The mornings are my worst time, in general. I have been diagnosed with Type II diabetes, and in the morning I often feel shaky and light headed. I eat a small, low carb breakfast and take my medicine, but my whole system feels out of whack in the morning. I have often had difficulty sleeping; I am depressed being in the house alone; my body chemistry is unbalanced; and I have a hard time getting out from “inside” my dreams and nightmares from the night before. If I read the newspaper I am easily triggered by headlines dealing with abuse of children. In the shower I phase out and twenty minutes can go by and I don’t even know if I have washed my hair. I am frequently late for work and have to stay late to make up the time. I am struggling with dissociation when I drive to work; it’s daydreaming but magnified. I use grounding techniques to help me keep focused: ice, loud music, air conditioning on my face, reading signs out loud, singing. Then I find myself struggling back from somewhere and not being sure where I am or where I went and sometimes not being sure how to drive. Often I keep driving when I should pull over, because I am already late.

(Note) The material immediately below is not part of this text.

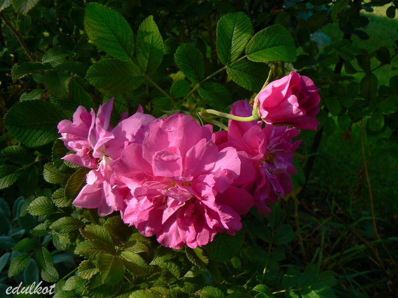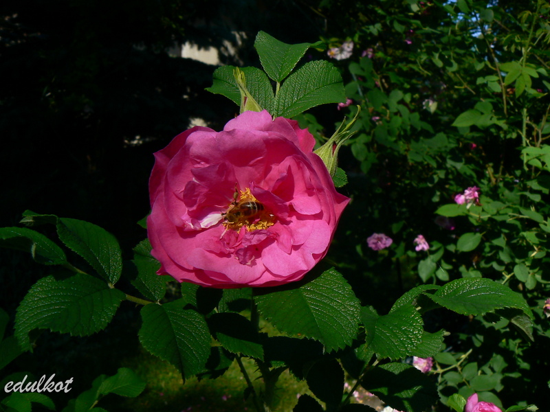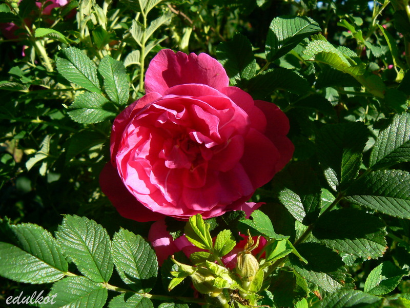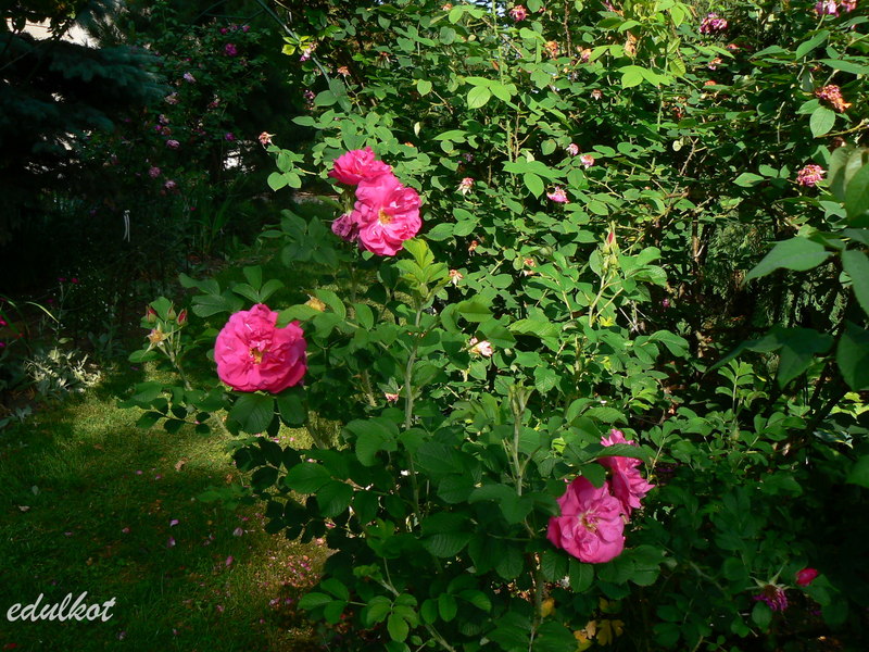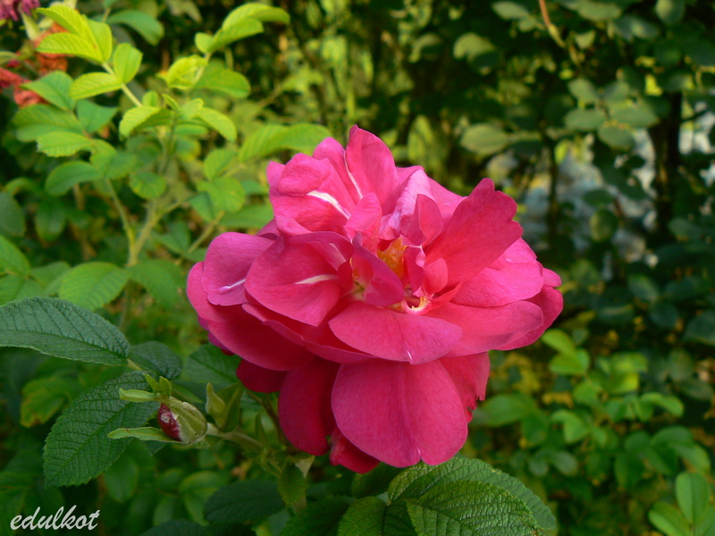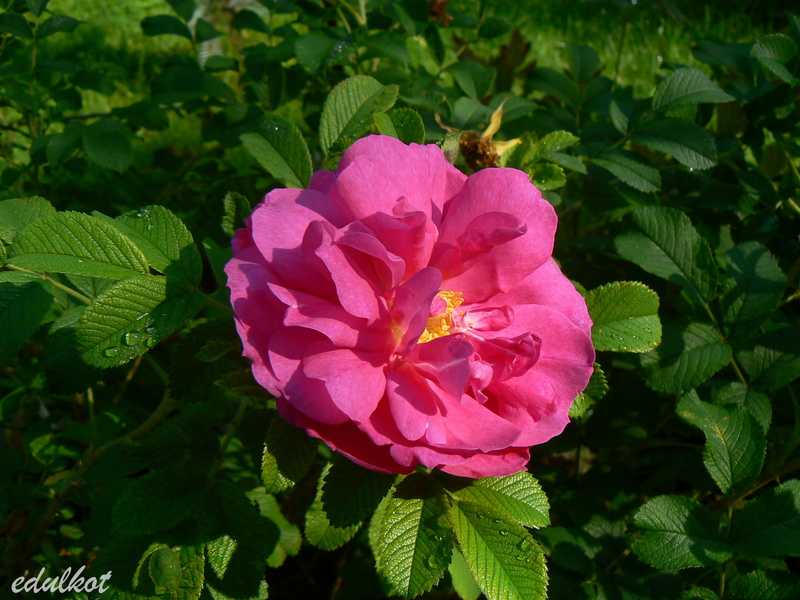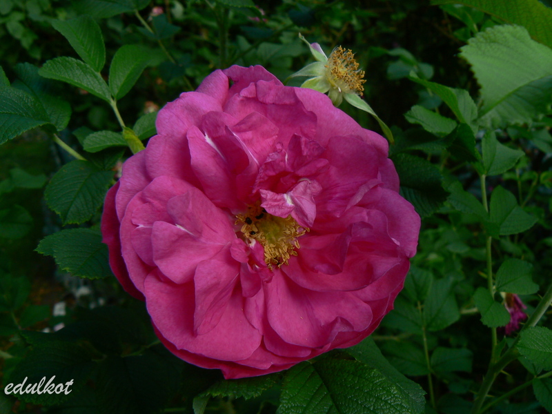 Kwiaty: ciemnoróżowe, średnie średnica ok. 7 cm, półpełne (17-25 płatków), rozkwitając pokazują żółte pręciki, obficie kwitnienie wiosną i latem, ale ciągle pojawiają się na niej jakieś bukieciki.

I feel that a lot of my morning issues are associated with my 4 year old. She feels unsafe and she feels alone. So now my parenting issues are with my inner child. I can’t be a better mother to Malcolm; I can continue to hold him in my heart but I can’t fix him. What I need to work on today is my self-parenting. I need to draw up morning safety plans and rules about driving. I need to take up my dialoguing again. I have ignored my inner selves for too long. I have to engage all of me in the grieving from now on. Being safe will continue to be a challenge, but all my “children” deserve to be safe.
Although this reflection may sound coherent and reasonable, I want to make it clear that it took me all of my second year of grieving to begin to figure these things out. Grief is exhausting, overwhelming and debilitating; grief is traumatic. But if you have been in therapy for another type of trauma, as I have, you will have learnt tools that you can use to help you through your grief. Just don’t expect to be able to access these tools right away. First you have to learn to breathe again, and to sleep again, and to become aware of life going on around you. And when you are ready, you will begin to heal.